Given records:
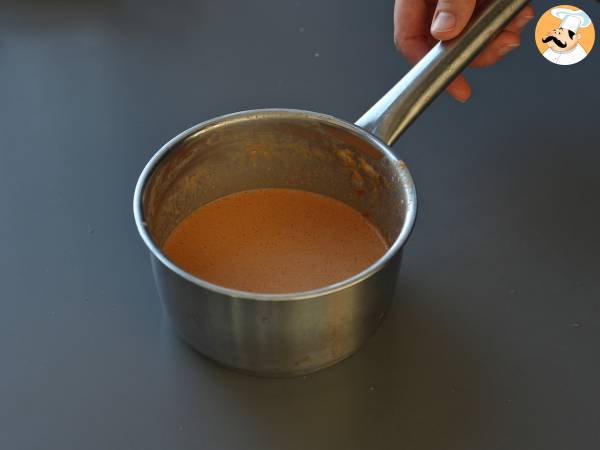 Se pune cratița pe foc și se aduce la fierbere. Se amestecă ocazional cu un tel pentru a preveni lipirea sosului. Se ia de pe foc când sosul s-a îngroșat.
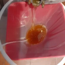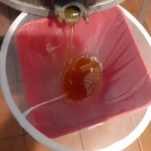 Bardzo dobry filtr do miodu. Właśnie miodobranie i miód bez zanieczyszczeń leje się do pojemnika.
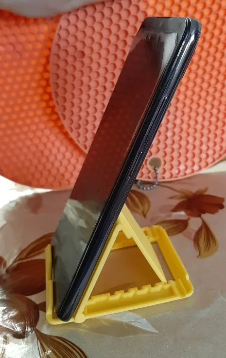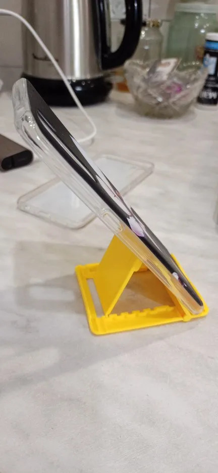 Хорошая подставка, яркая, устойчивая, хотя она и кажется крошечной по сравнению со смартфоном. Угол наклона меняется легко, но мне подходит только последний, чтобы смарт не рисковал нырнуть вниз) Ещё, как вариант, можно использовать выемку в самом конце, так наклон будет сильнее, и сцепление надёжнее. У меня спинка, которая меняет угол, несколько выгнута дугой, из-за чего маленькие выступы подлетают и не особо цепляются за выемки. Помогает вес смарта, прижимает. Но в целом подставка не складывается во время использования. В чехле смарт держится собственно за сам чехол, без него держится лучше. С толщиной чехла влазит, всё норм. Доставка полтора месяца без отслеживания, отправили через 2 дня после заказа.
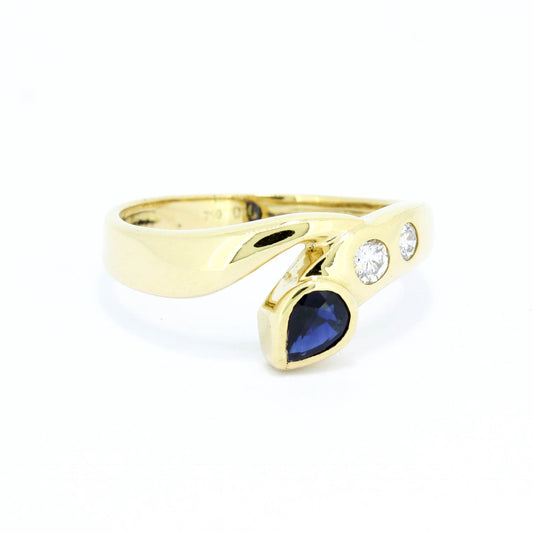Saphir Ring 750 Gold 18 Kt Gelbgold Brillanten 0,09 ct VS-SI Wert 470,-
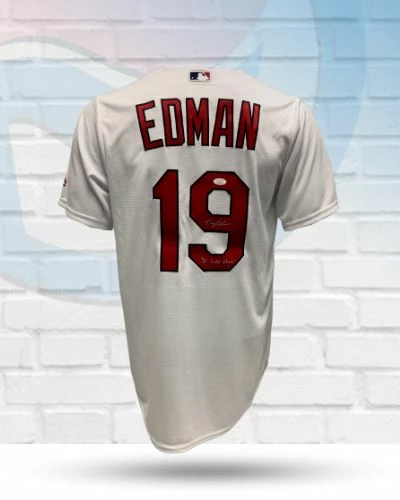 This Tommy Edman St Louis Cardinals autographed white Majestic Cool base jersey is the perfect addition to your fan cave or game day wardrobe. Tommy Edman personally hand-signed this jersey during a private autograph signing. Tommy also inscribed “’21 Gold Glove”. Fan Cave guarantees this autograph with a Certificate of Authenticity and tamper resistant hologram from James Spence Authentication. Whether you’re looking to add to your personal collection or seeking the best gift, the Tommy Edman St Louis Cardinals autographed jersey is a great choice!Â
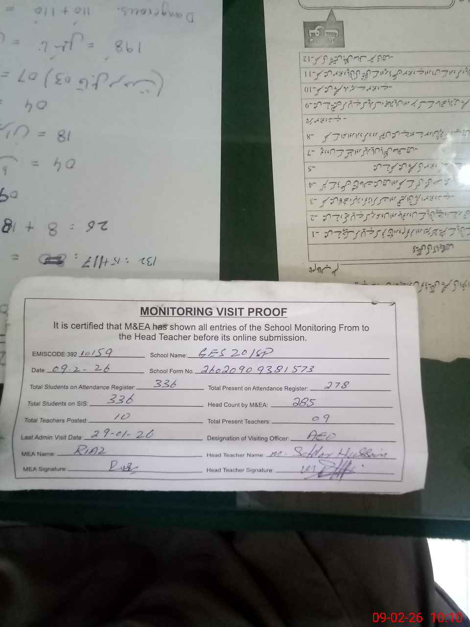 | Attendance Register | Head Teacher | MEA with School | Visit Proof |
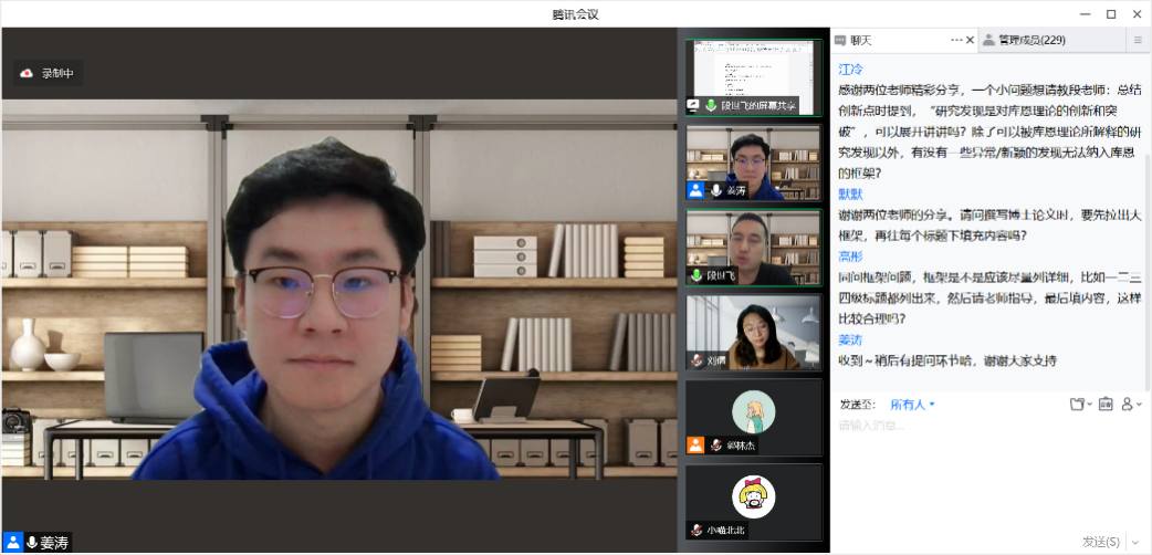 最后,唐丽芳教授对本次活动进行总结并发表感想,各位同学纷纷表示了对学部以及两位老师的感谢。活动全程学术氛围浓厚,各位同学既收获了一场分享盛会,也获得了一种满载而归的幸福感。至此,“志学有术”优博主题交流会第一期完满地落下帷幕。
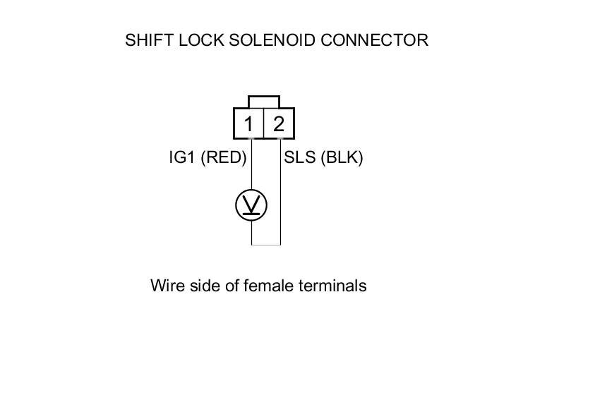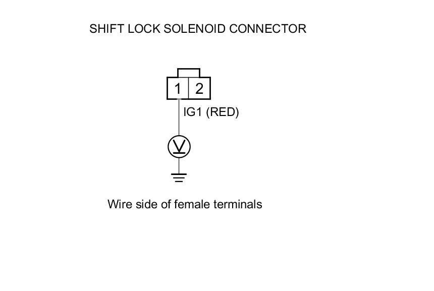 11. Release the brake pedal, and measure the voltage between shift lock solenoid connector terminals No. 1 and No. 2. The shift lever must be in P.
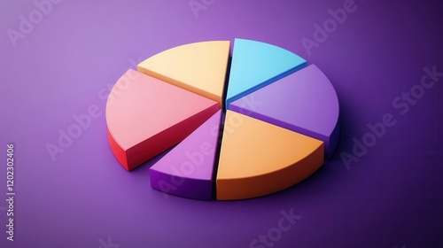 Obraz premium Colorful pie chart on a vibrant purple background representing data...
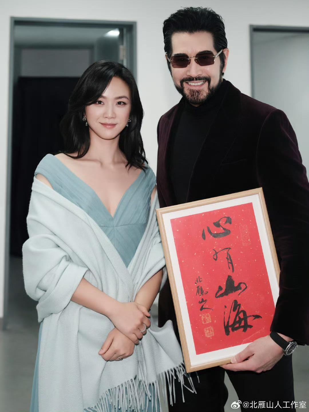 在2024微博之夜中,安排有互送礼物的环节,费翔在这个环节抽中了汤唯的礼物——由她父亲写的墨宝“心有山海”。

Assignment:
Please repeat, exactly and with nothing else, the lines from the one containing "Хорошая подставка, яркая, устойчивая, хотя" to the last line of the entries, both included, excluding any pictures.

Solution for this exercise:
 Хорошая подставка, яркая, устойчивая, хотя она и кажется крошечной по сравнению со смартфоном. Угол наклона меняется легко, но мне подходит только последний, чтобы смарт не рисковал нырнуть вниз) Ещё, как вариант, можно использовать выемку в самом конце, так наклон будет сильнее, и сцепление надёжнее. У меня спинка, которая меняет угол, несколько выгнута дугой, из-за чего маленькие выступы подлетают и не особо цепляются за выемки. Помогает вес смарта, прижимает. Но в целом подставка не складывается во время использования. В чехле смарт держится собственно за сам чехол, без него держится лучше. С толщиной чехла влазит, всё норм. Доставка полтора месяца без отслеживания, отправили через 2 дня после заказа.
Saphir Ring 750 Gold 18 Kt Gelbgold Brillanten 0,09 ct VS-SI Wert 470,-
 This Tommy Edman St Louis Cardinals autographed white Majestic Cool base jersey is the perfect addition to your fan cave or game day wardrobe. Tommy Edman personally hand-signed this jersey during a private autograph signing. Tommy also inscribed “’21 Gold Glove”. Fan Cave guarantees this autograph with a Certificate of Authenticity and tamper resistant hologram from James Spence Authentication. Whether you’re looking to add to your personal collection or seeking the best gift, the Tommy Edman St Louis Cardinals autographed jersey is a great choice!Â
 | Attendance Register | Head Teacher | MEA with School | Visit Proof |
 最后,唐丽芳教授对本次活动进行总结并发表感想,各位同学纷纷表示了对学部以及两位老师的感谢。活动全程学术氛围浓厚,各位同学既收获了一场分享盛会,也获得了一种满载而归的幸福感。至此,“志学有术”优博主题交流会第一期完满地落下帷幕。
 11. Release the brake pedal, and measure the voltage between shift lock solenoid connector terminals No. 1 and No. 2. The shift lever must be in P.
 Obraz premium Colorful pie chart on a vibrant purple background representing data...
 在2024微博之夜中,安排有互送礼物的环节,费翔在这个环节抽中了汤唯的礼物——由她父亲写的墨宝“心有山海”。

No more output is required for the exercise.